Gorgeous, moving stuff, Karl. I also like the pressure you put on the human/natural distinction in your comment. Certainly we academics, if we mean what we say, must (to borrow that explosive word from your post!) navigate these experience alongside our literary texts, our theoretical models, and our analytical habits, pedantic as they may seem. Can we distinguish between natural and unnatural (good and bad) deaths? These distinctions are hard to maintain. But I hope it's not too much to ask that Chaucer (among others) can help us approach such problems.

Nathaniel M. Campbell said...

Many, many thanks, Karl, for this rumination, and to J J for his stinging (and in a good way, mind you) thoughts on our "deathphobic" culture. You put into new perspective just what a "culture of death" as opposed to a "culture of life" should mean. What fears provoke what move?

Jeffrey points out that one could see the imposition of extraordinary measures to prolong life as provoked by a fear of death, a refusal to allow the beloved to have a "good death".
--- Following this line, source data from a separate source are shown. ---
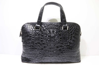 Деловая сумка, сумка для документов, портфель, сумка для ноутбука размера А4 из натуральной кожи крокодила черного цвета. Для пошива сумок данной модели используется натуральная, фактурная кожа крокодила высокого качества выделки и окраса. Деловая сумка формата А4, сумка прямоугольной формы. Лицевая часть сумки украшена затылочной частью, затылочная часть чуть ниже переходит в спинную фактуру крокодиловой кожи. Обратная часть сумки отшита из крокодиловой кожи со спинной фактурой. Боковые вставки сумки изготовлены из крокодиловой кожи с гладкой фактурой, дно сумки выполнено из крокодиловой кожи со спинной фактурой. В верхней части сумки устроены удобные длинные верхние ручки, крепление ручек сумки выполнено с применением металлических хромированных колец, размещенных на лицевой и на обратной сторонах сумки. Верхние ручки сумки изготовлены на основании из натуральной кожи телека и имеют отделку лицевой части крокодиловой кожей. В верхней части сумки вшита П-образная лицевая молния, применение П-образной молнии позволяет более широко открыть сумку и с большим удобством убрать в сумку крупный предмет или достать из сумки крупный предмет. На боковых поверхностях сумки вшиты D-образные кольца для крепления съемного плечевого ремня. Съемный плечевой ремень с регулировкой по длине поставляется в комплекте с сумкой, плечевой ремень выполнен из натуральной кожи теленка без отделки кожей крокодила. Удобным плоским карманом на металлической молнии основной объем сумки разделен на два отделения. Для удобства пользования сумкой внутри сумки устроены удобные карманы для предметов первой необходимости сдвоенный накладной карман и вшивной боковой на молнии. В качестве материала подклада используется натуральная кожа теленка, кожа теленка по цвету подобрана под цвет кожи крокодила.
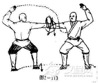 甲乙双方右脚向前上一步震脚落地,左脚抬起,体左转27度,两腿柑膝半蹲变成马步,同时,右掌随势推向右侧,掌心向右,掌指向上.左掌上架头上左侧,掌心斜向前,掌指向右.目视对方(图2-113).
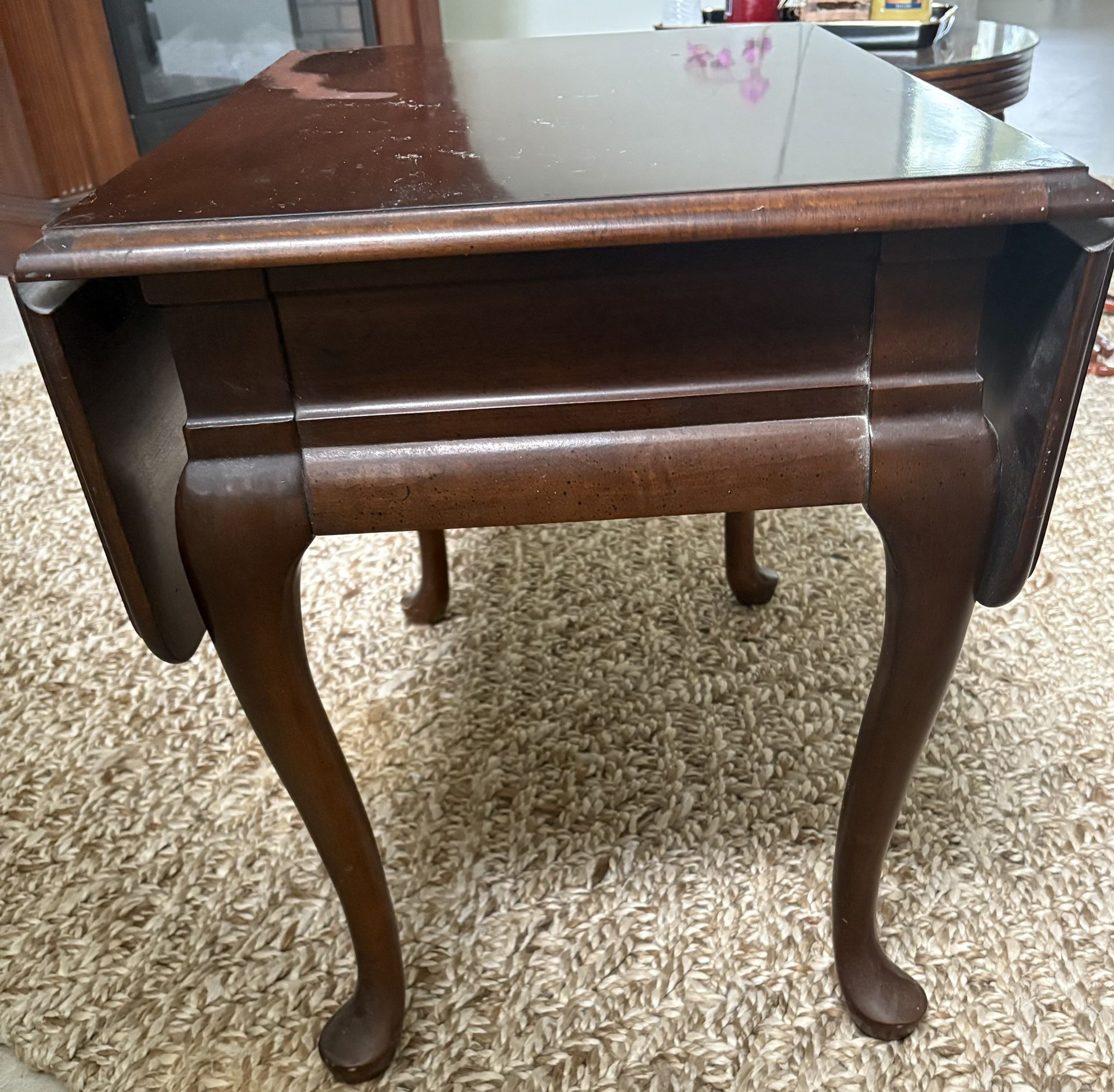 Vintage Queen Anne end table with side leafs. Solid cherry wood. Wood top finish is damaged but can be refinished to look good as new. Offered at $35
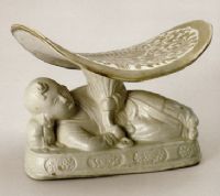 定窯白釉銅子擎荷赭彩雕劃牡丹紋枕
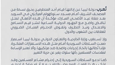 ##ليبيا تطالب السلطات السويدية اتخاذ إجراءات واضحة حيال مرتكبي جريمة إحراق المصحف الشريف.
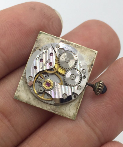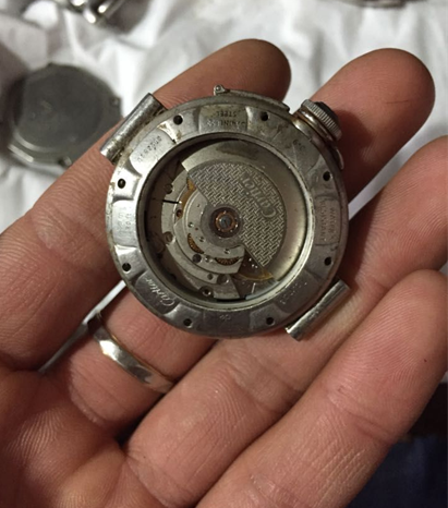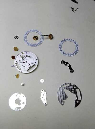 师傅打开手表后盖,取出机芯,将机芯零件逐一拆卸下,更换掉手表的把头;将所有零件放入全自动清洗机内清洗大约45分钟左右。
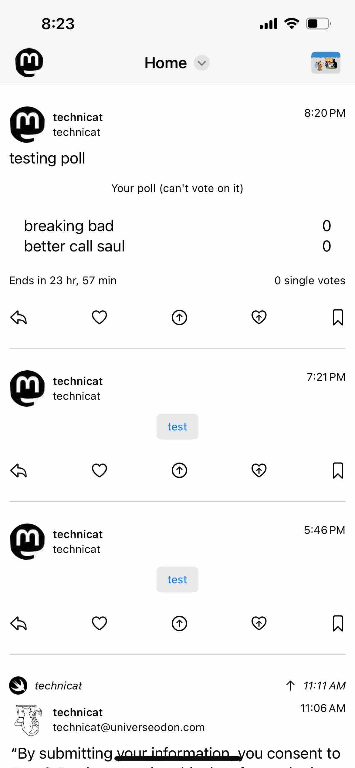 Trying out a #swiftui feature that dynamically updates a relative time, in this case the poll expiration. You can watch the seconds tick by.
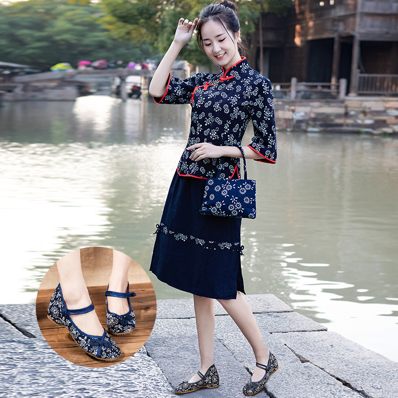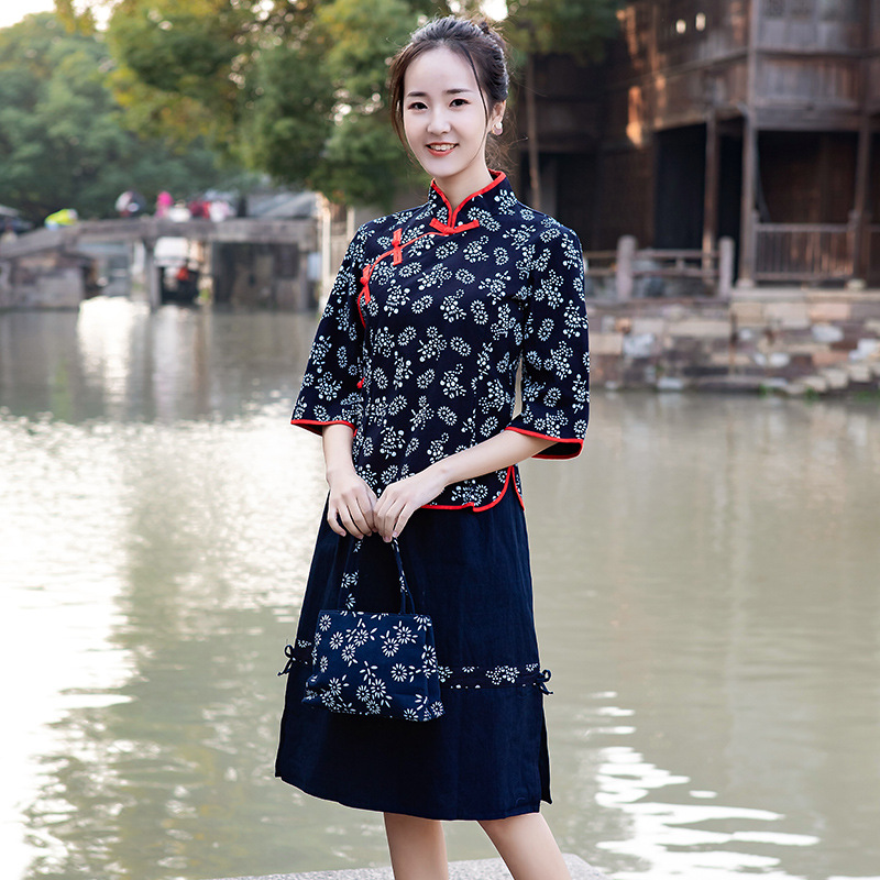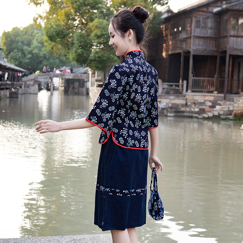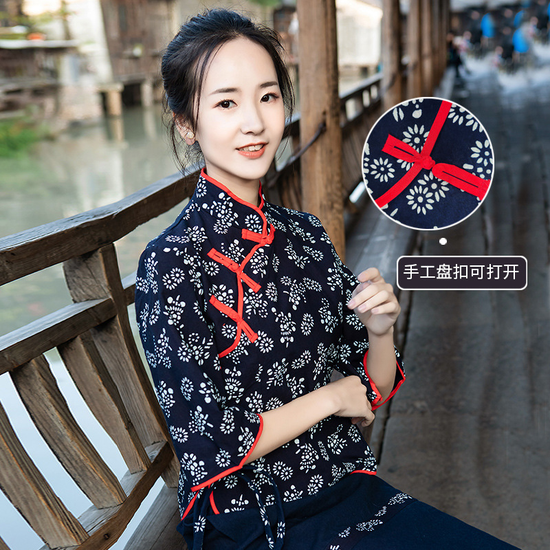 | nameOriginal | Wuzhen Pure Cotton Blue Printed Cloth Spring and Autumn Tang Suit Red Buckle Seven-point Horn Sleeve Top Women's Performance Work Clothes |
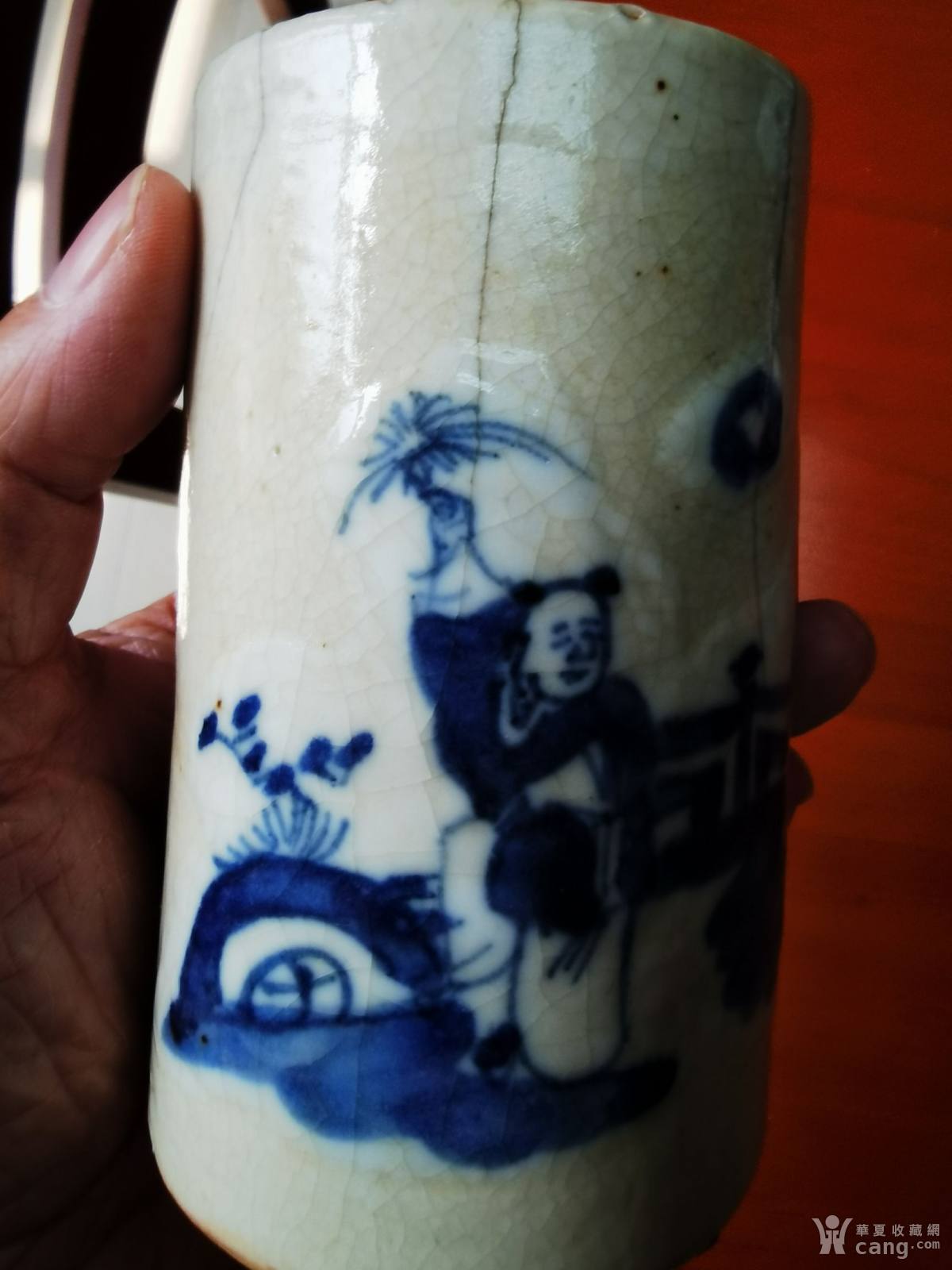 晚清青花人物笔筒

On the other hand, there is an opposite fear, that when we refuse measures to prolong life, we are acting, not out of charity towards the suffering, but out of a selfishness to rid ourselves of their burden upon us. The extension in this direction is a culture in which "euthanasia" is forced upon the elderly the moment we find them an imposition upon us, thus robbing them of the very dignity we started out to protect.

How do we navigate these fears, a Scylla and Charybdis of death's shadow?

What makes Karl's thoughts so wonderfully written is that he captures perfectly at the end the swirl of fears and impossible conundra provoked by end-of-life care in the time of modern medicine: "suffering a choice imposed on me, faced with a suffering that is my duty and curse to end, in pity. In pity, but also 'ybounde' to the fact of a death that will never come, and never stop, until we too must withdraw the grain."

Jennifer Lynn Jordan said...

This is lovely. Thank you for writing it. I hope the New Year holds new joys for you.